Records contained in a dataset
━━━━━━━━━━━━━━━━━━━━
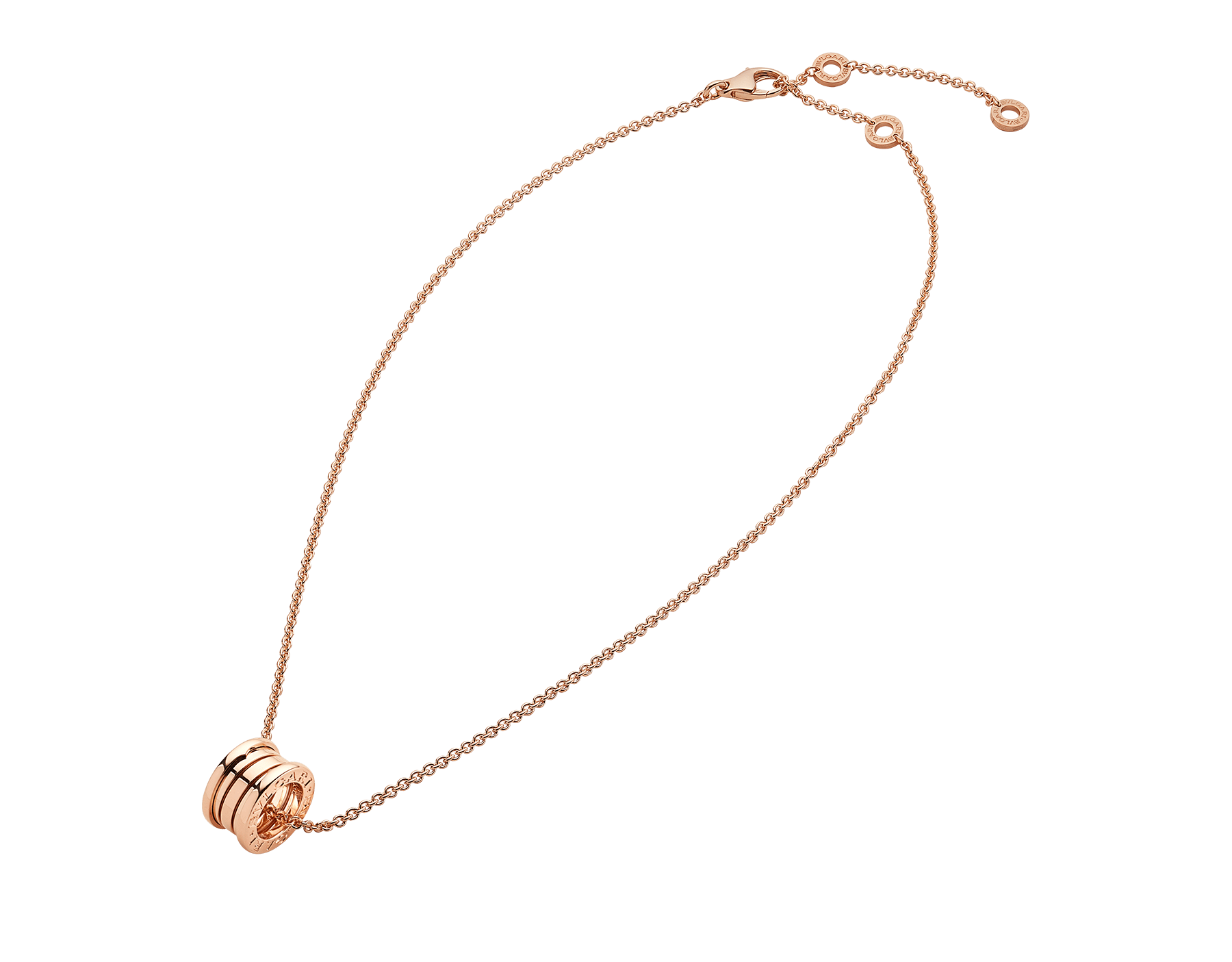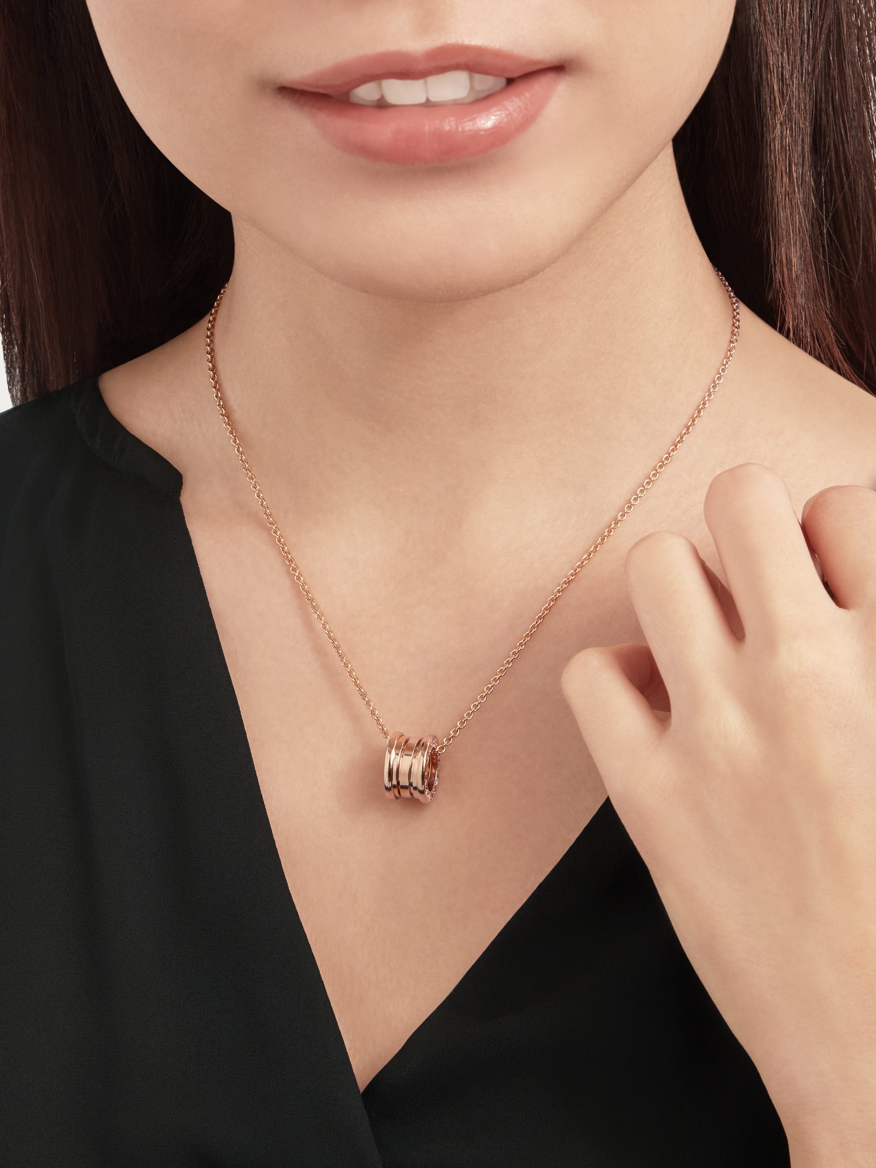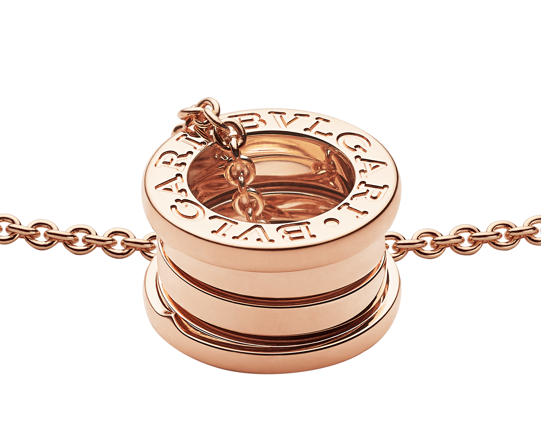 世界でもっとも有名な円形競技場コロッセオからインスピレーションを得たビー・ゼロワン ネックレス。創造的なブルガリの世界観を真に表現し、ジュエリーデザインの真髄に迫ります。その特徴的な螺旋(らせん)に宿る純粋さは、「永遠の都」ローマの壮大さに映し出された、過去、現在、そして未来の調和を表すシンボルであり、コレクションの先駆的な精神の象徴でもあります。 18Kピンクゴールド製ビー・ゼロワン スモールラウンドペンダント。ペンダントトップは直径1.52cm。チェーンの長さは38-45cm。
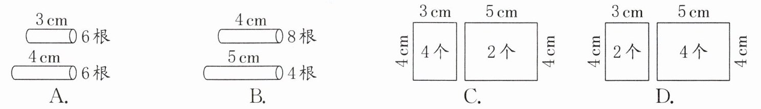 4. 下面选项提供的材料正好能拼成长方体模型的是(
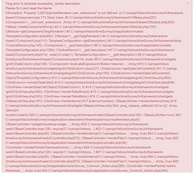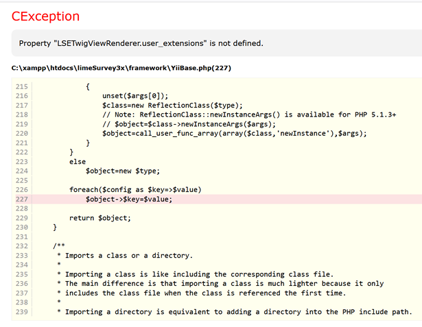 any news on this? in YIIbase.php 227 is it crashing. Property "LSETwigViewRenderer.user_extensions, we make "new" there, for LSETwigViewRenderer. Mustn't the class have the property "user_extensions".? It does not! I can't find this in 3.26, too. |
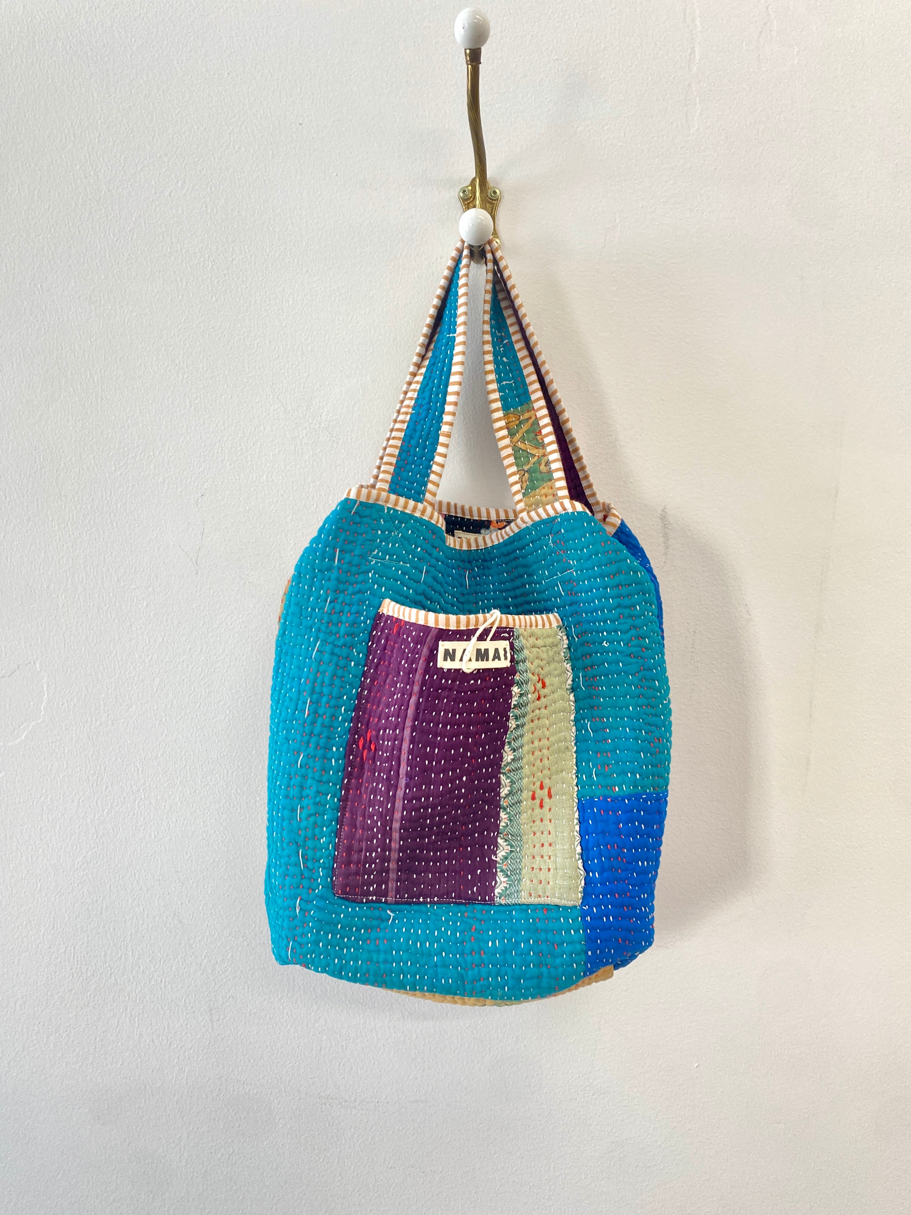 About the Textiles Used: The Xoti tote bag is made from remnants of vintage Kantha quilts that were used to make jackets and other items, for a truly zero waste product. The original patina of the fabric includes areas of fraying, patches and an age-softened feel.
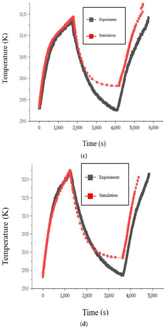 During the charge-discharge experiments at four different rates, the battery temperature curve follows an “N” shape. From the start of charging to the rest state, the battery temperature gradually increases. During charging at different rates, the battery temperature can reach up to 305.65 K (0.5 C), 310.55 K (1 C), 313.55 K (1.5 C), and 322.35 K (2 C). Upon reaching the rest state, the temperature begins to gradually decrease. As shown in Figure 3, during the 0.5 C and 1 C charge/discharge rate experiments, the battery temperature did not return to the initial temperature or room temperature when the rest state ended. This is likely because the rest period was insufficient, and the battery had not completely dissipated the heat. In contrast, during the 1.5 C and 2 C rate experiments, the battery temperature returns to its initial temperature by the end of the rest state, and the temperature at the end of discharge is nearly the same as that at the end of charging. The curves are almost symmetric around the center. From the comparison of the four sets of experiments, it can be seen that as the charge/discharge rate increases, the slope of the temperature curve during charging and discharging becomes steeper, meaning that more heat is generated per unit time, and the battery temperature at the end of charging is higher.
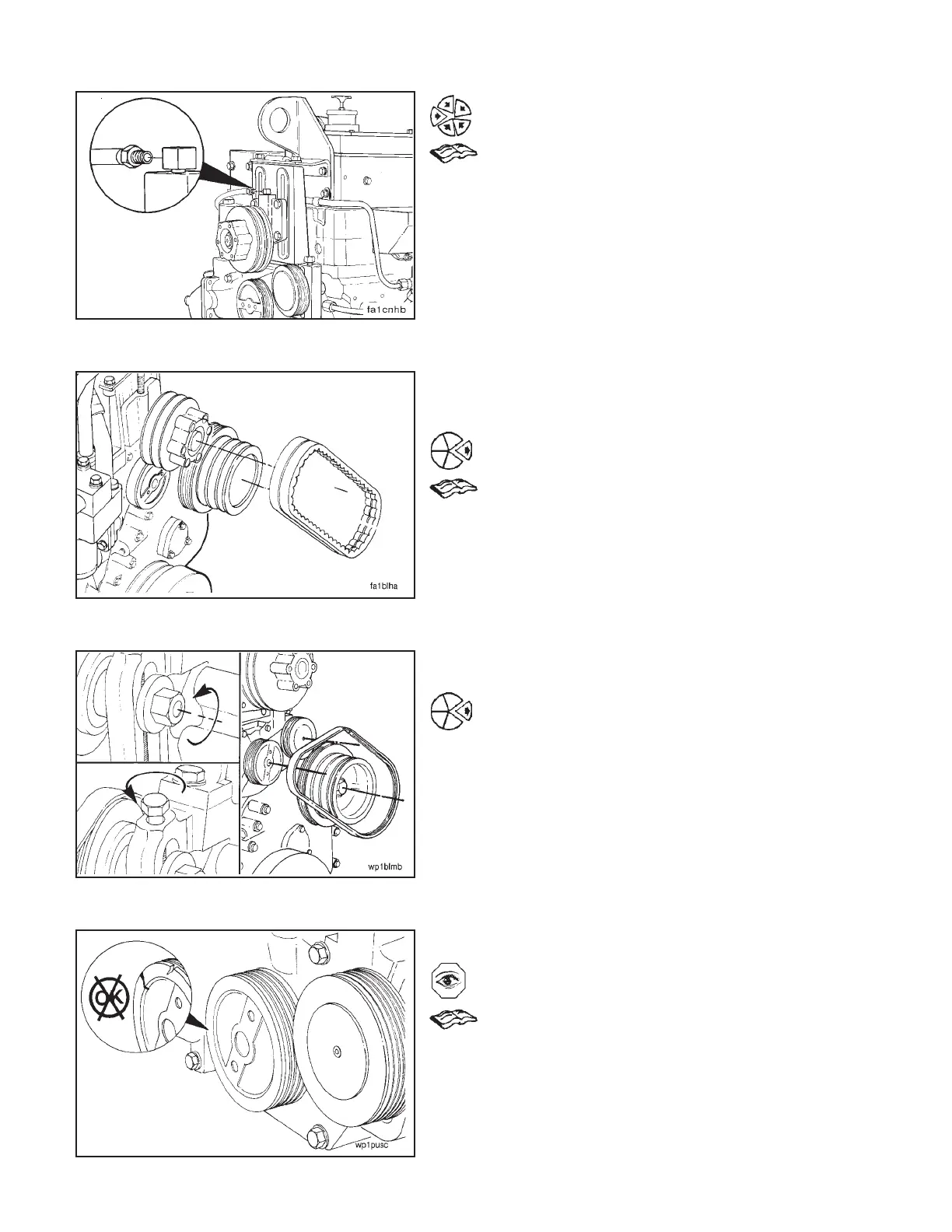 Install the fan hub signal line. Tighten the fan belts. Refer
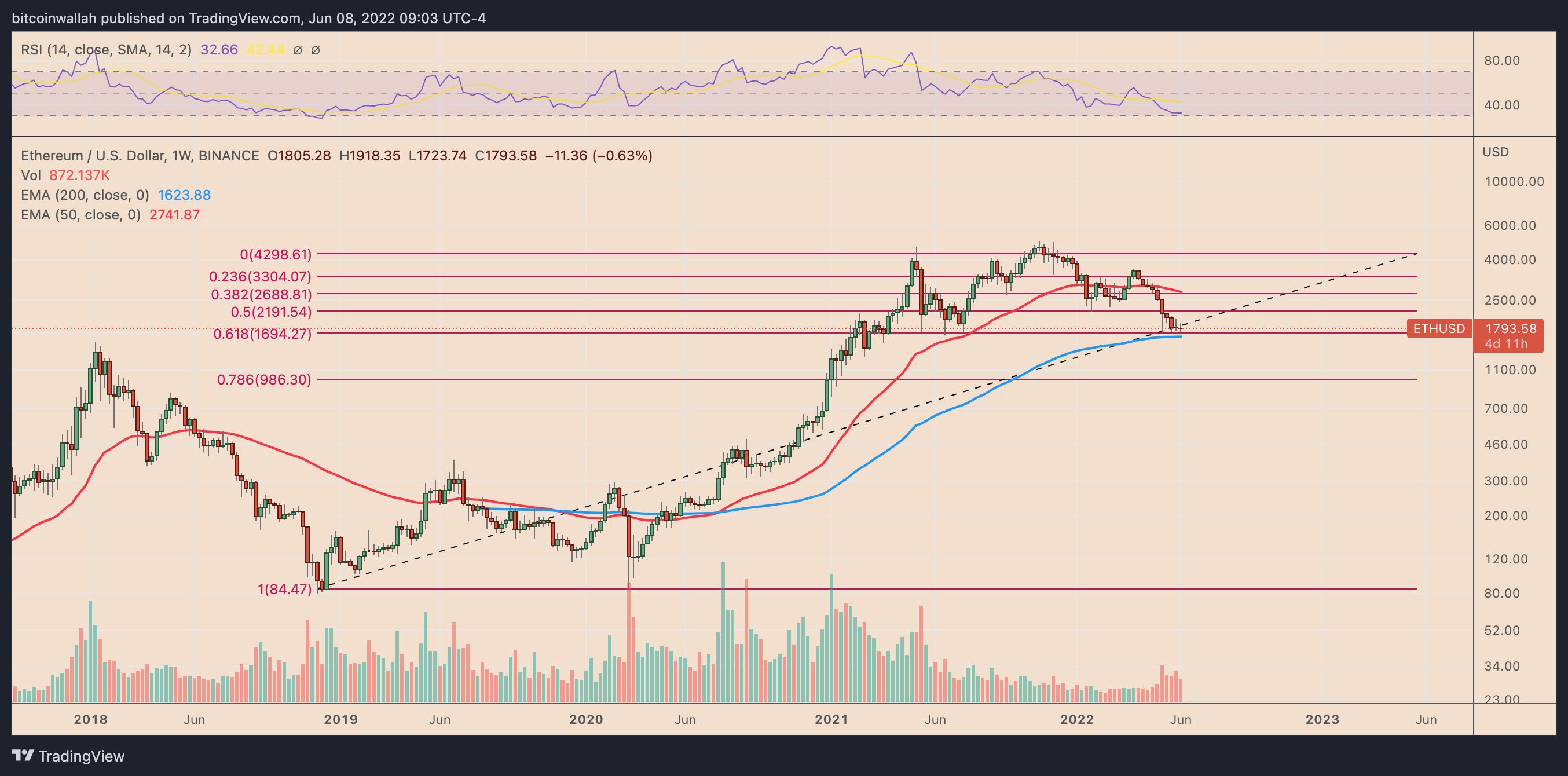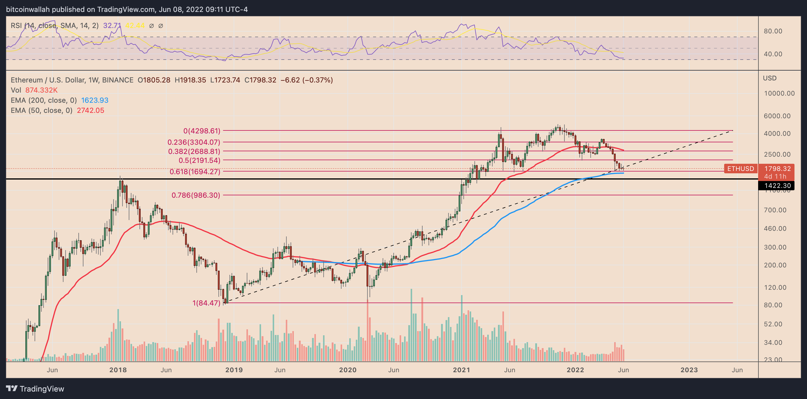 If ETH price rebounds as described above, then the next bullish target is the 0.5 Fib line (near 2,120) of the Fibonacci retracement graph, drawn from the $85-swing low to the $4,300-swing high.
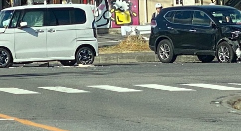 目撃者が撮影した写真によると、現場では白い乗用車と黒い乗用車が激しく衝突しており、両車両ともフロント部分が大きく破損している状態が確認できます。
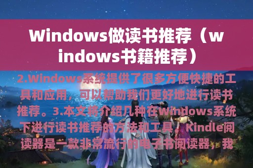 2. Windows系统提供了很多方便快捷的工具和应用,可以帮助我们更好地进行读书推荐。
━━━━━━━━━━━━━━━━━━━━
Reproduce the data above exactly, but only the lines from the one showing "any news on" through the one showing "About the Textiles", with both ends kept and the pictures left out.

TASK OUTPUT -
 any news on this? in YIIbase.php 227 is it crashing. Property "LSETwigViewRenderer.user_extensions, we make "new" there, for LSETwigViewRenderer. Mustn't the class have the property "user_extensions".? It does not! I can't find this in 3.26, too. |
 About the Textiles Used: The Xoti tote bag is made from remnants of vintage Kantha quilts that were used to make jackets and other items, for a truly zero waste product. The original patina of the fabric includes areas of fraying, patches and an age-softened feel.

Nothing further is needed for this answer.